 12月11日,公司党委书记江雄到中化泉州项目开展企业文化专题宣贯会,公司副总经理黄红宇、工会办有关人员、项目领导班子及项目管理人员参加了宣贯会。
...
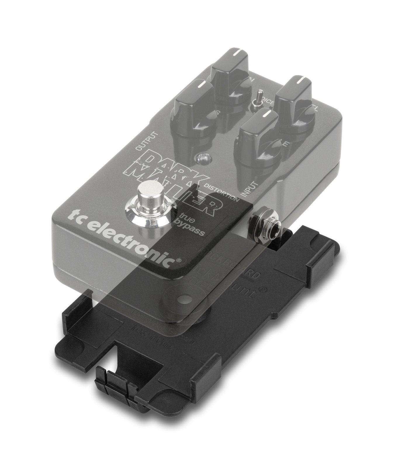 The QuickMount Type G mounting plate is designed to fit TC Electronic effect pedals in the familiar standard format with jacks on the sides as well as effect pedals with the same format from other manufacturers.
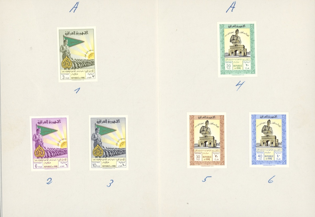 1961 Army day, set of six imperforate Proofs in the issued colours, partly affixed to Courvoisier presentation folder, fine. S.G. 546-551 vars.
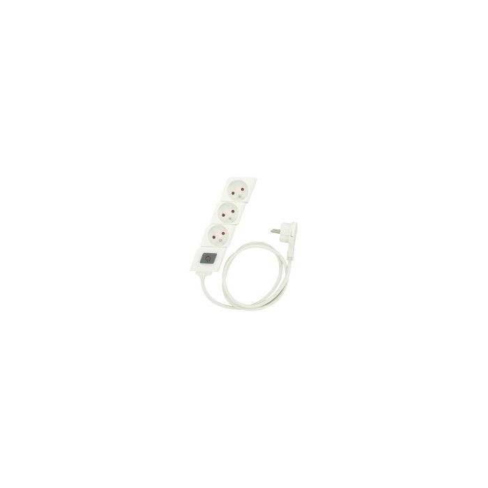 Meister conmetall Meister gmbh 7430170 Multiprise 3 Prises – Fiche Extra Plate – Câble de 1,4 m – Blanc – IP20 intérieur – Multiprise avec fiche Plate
* * *
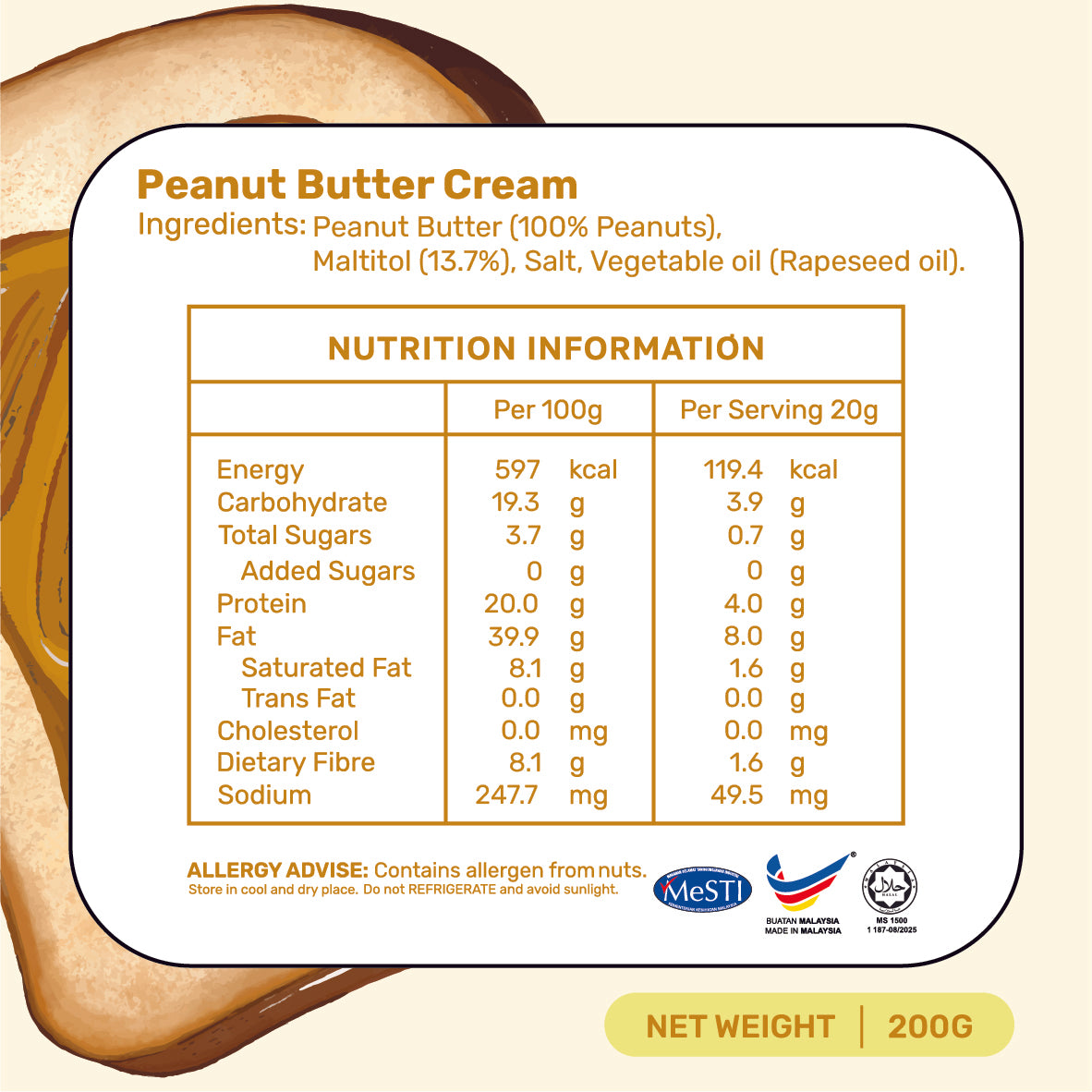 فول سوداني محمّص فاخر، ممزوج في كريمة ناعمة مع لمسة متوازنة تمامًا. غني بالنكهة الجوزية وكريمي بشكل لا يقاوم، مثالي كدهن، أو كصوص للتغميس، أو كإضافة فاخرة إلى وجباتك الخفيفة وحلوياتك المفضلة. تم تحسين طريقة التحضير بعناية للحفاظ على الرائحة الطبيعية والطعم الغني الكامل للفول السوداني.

WHAT THE TASK ASKS: Above are the records. Copy word for word only their lines from the one holding "The QuickMount Type" through the one holding "Meister conmetall Meister", both included, and skip the images.

ANSWER TO THIS PROBLEM:
 The QuickMount Type G mounting plate is designed to fit TC Electronic effect pedals in the familiar standard format with jacks on the sides as well as effect pedals with the same format from other manufacturers.
 1961 Army day, set of six imperforate Proofs in the issued colours, partly affixed to Courvoisier presentation folder, fine. S.G. 546-551 vars.
 Meister conmetall Meister gmbh 7430170 Multiprise 3 Prises – Fiche Extra Plate – Câble de 1,4 m – Blanc – IP20 intérieur – Multiprise avec fiche Plate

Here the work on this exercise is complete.